How interesting! Since she still came to you for a “bang-bang treat” (so cute!), it seems she’s hearing and recognizing the noise just fine. I wonder if something finally just clicked? If so, high fives to you for never giving up on counter conditioning!


----------



## Deere (Jun 25, 2021)

fjm said:


> I have posted before about Sophy's dislike of bangs - shooting, thunder and fireworks all upset her. This year things have changed. I first noticed it when the grouse and pheasant shooting started and she did not insist on returning to the car at the first distant bang but came to me for a bang-bang treat and then wandered off to sniff along the path. She was aware of it, but far less concerned than in the past. During the fireworks this weekend she did not want to be outside while they were being set off about half a mile away but relaxed and fell asleep in her usual bed as soon as we were back in the house. I have worked on counter conditioning over the years, treating whenever there are loud noises, but this is the first time I have seen a real difference. Up until this year not only has she wanted to go home at the first bang, but she has been reluctant to walk in places where she heard them for a week or two - very difficult when all our walking areas are bordered by shooting estates!
> 
> She will be 13 in a few days, so it could be that her hearing is becoming less sensitive. If so it is a definite silver lining for both of us - she will be spared being made miserable by the anxiety, and I will not have to spend hours perched on the loo in the cloakroom keeping her company in the one place that made her feel safe!


I have never be had a dog afraid of gun shots, fire works or thunder but 1 of my sister's minipoo was like your Sophy and when she turned 11 she started to be less concerned of thunder and now @13 she doesn't notice the thunder at all unless there is a lot of lightening also if she's further in the back yard she doesn't hear you when she is called. She comes only after she notices you waving a arm @ her. It is a big relief to her and us that she's no longer afraid.
We hunted and my dogs were the opposite so when fall started(leaves changing, getting colder and a skim of ice on the outside water) they knew hunting season started and wanted to constantly check the back of every pick up(for game/deer, squirrel,bear), smell/vacuum everyone that came over, happy barking /wagging at every shot and in/out all day!


----------



## Liz (Oct 2, 2010)

It sounds like her hearing is going, and noises that were once loud, immediate, and alarming are now faint, distant, and taken in stride.


----------



## fjm (Jun 4, 2010)

There was shooting on the fell immediately behind us yesterday, echoing across the valley. Sophy suggested we get in the car and go somewhere else, which is what we would usually do, but when I told her that I cannot see to drive at the moment she was happy to play puppy training games for treats and wander round the wild garden. Her timing is impeccable - I was wondering how to prevent Freddy learning to be afraid of bangs because Sophy was. He already takes his cue from her about most things, both helpful and not so helpful!


----------



## Looniesense (Jul 10, 2021)

You can also try Spotify and search for dog desensitization noises. I’m pretty sure there are gun shots, thunder etc..


----------



## fjm (Jun 4, 2010)

Those are the ones I tried, Looniesense. They helped a bit, but the sound through speakers is never quite the same as the real thing.


----------



## Skylar (Jul 29, 2016)

I do think playing desensitizing sounds does help even if they aren’t exactly the same. 
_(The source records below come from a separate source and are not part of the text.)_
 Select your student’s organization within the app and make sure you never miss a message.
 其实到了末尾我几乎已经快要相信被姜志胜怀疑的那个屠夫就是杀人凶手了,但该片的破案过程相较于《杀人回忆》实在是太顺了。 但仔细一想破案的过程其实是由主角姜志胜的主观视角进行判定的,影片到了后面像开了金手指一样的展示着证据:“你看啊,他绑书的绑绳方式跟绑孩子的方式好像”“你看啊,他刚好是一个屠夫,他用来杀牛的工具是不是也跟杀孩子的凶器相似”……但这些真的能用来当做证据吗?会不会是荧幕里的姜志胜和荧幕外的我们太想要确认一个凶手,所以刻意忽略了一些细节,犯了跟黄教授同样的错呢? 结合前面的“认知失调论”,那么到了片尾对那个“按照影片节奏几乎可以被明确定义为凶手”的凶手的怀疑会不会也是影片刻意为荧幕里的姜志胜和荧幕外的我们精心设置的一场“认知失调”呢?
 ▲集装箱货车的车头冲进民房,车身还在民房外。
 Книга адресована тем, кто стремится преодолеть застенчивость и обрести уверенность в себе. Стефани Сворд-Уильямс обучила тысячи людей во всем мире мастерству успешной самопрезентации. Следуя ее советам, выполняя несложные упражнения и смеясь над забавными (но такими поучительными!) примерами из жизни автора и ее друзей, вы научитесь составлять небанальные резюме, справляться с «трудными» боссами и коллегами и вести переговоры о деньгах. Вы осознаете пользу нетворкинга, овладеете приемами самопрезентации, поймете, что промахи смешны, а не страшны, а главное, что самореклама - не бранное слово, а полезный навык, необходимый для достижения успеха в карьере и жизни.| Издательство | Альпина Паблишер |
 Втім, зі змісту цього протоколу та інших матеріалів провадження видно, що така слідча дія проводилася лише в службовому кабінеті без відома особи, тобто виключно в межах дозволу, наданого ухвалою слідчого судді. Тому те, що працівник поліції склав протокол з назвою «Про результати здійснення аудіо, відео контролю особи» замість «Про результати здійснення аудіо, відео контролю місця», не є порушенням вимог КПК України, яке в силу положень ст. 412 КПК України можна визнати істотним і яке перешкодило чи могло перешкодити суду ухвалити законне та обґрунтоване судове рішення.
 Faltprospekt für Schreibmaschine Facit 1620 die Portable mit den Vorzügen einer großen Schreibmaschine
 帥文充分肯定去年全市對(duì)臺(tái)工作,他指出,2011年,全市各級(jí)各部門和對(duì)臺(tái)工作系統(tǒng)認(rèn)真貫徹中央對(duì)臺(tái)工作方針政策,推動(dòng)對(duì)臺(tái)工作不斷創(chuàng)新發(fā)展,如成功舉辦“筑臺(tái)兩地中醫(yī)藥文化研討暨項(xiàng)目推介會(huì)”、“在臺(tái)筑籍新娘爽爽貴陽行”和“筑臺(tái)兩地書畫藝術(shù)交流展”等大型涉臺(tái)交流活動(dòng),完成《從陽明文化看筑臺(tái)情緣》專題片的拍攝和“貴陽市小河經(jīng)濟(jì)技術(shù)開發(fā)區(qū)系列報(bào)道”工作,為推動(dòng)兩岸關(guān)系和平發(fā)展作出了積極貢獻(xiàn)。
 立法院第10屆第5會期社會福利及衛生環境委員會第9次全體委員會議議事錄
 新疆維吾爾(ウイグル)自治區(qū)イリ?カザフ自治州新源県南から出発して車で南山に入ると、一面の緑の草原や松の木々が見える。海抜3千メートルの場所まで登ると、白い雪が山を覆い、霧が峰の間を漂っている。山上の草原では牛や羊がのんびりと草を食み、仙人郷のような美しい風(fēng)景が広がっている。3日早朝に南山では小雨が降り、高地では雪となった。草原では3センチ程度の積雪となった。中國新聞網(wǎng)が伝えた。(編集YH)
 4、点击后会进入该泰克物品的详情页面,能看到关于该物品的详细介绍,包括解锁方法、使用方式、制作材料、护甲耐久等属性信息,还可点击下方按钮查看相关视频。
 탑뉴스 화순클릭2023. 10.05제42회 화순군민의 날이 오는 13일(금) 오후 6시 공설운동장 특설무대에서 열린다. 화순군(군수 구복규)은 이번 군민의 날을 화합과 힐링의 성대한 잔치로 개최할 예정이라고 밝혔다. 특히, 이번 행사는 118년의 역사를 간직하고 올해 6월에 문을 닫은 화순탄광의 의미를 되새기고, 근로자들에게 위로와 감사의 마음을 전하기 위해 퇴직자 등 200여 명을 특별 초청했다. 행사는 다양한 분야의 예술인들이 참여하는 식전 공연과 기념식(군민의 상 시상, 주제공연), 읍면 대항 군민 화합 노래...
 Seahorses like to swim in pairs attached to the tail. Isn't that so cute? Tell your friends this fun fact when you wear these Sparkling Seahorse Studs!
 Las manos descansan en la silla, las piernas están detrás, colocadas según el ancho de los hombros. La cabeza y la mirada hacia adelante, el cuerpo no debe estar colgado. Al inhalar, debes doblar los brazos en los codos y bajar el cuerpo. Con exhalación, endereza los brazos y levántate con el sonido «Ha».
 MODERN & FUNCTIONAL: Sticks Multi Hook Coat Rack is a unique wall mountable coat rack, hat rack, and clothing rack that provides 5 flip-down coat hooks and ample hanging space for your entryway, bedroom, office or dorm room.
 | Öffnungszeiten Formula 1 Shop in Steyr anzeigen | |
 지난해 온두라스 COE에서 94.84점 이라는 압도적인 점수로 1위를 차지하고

The fact that Sophy stayed and went back to playing is an excellent lesson for Freddy. He can be concerned about the sound then return to play; not over threshold with deep fears. It’s okay to react, then recover and go back to normal activity. 

He’s also watching and learning from Poppy too and she isn’t bothered by that sharp sound.


----------



## Deere (Jun 25, 2021)

Skylar said:


> I do think playing desensitizing sounds does help even if they aren’t exactly the same.
> 
> The fact that Sophy stayed and went back to playing is an excellent lesson for Freddy. He can be concerned about the sound then return to play; not over threshold with deep fears. It’s okay to react, then recover and go back to normal activity.
> 
> He’s also watching and learning from Poppy too and she isn’t bothered by that sharp sound.


fjm I agree you are correct that the sound of a gun fired can't be duplicated. That's why when you start working with gun dogs we start with "shooter pistols". I also agree with the whole post from Skylar. I am glad that Freddy has Sophy to learn how to interact in the Human and Caine world she's a great example (from what I',ve read in your post); steady, smart, tolerant be etc.. Freddy is fortunate he also has You.


----------